我一生下來就離開父母,因為我的額頭形狀突出。
我的母親美麗單純,我的父親彬彬有禮,他之所以事事得體,因為他很早以前便是個官迷。
我的遠離家庭,與他這一愛好相關。
也怪我的姥爺,我出生後,隻有他覺得我的腦門有棱有角,是相書上的“麒麟骨”,會克父親官運。
父親那時剛升科長,一聽這說法立刻臉色蠟黃,恰好母親是一位上進的姑娘,她還要讀夜校,于是姥爺吞下自己釀的苦果,将我一養就是多年。

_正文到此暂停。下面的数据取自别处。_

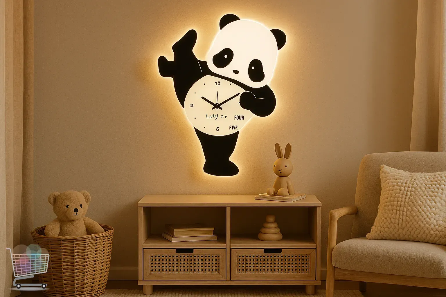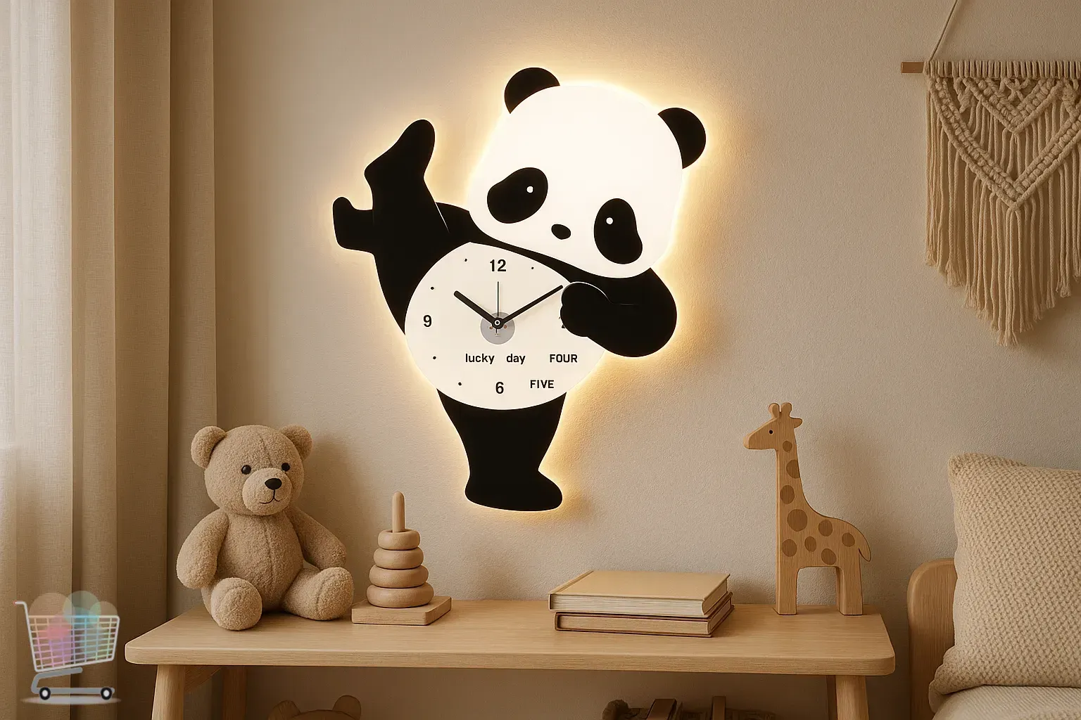 Оригінальний годинник із LED-підсвіткою у формі милої панди стане яскравим акцентом у вашому інтер’єрі. Ідеально підходить для дитячої кімнати, вітальні, студії чи подарунку. Поєднує стиль, функціональність і позитивні емоції.

由于我被姥爺直接養大,所以對父母是姐姐、姐夫的感覺。
姥爺沒有兒子,我随母姓,正好延續了他的血脈。
我從小覺得這是個陰謀。
我的母系是個暴力家族,從原始社會開始,隻要打仗就沖鋒在前。
19世紀末他們仍舞槍弄棒,在百萬軍中取上将首級,但洋人造了大炮,他們接二連三地陣亡。
我的母系從此棄武從文,轉變後的家風中,據說隻有一人尚存武将氣概,他是姥爺的弟弟,在西部戈壁的監獄中勞改,家裡人叫他“二老爺”。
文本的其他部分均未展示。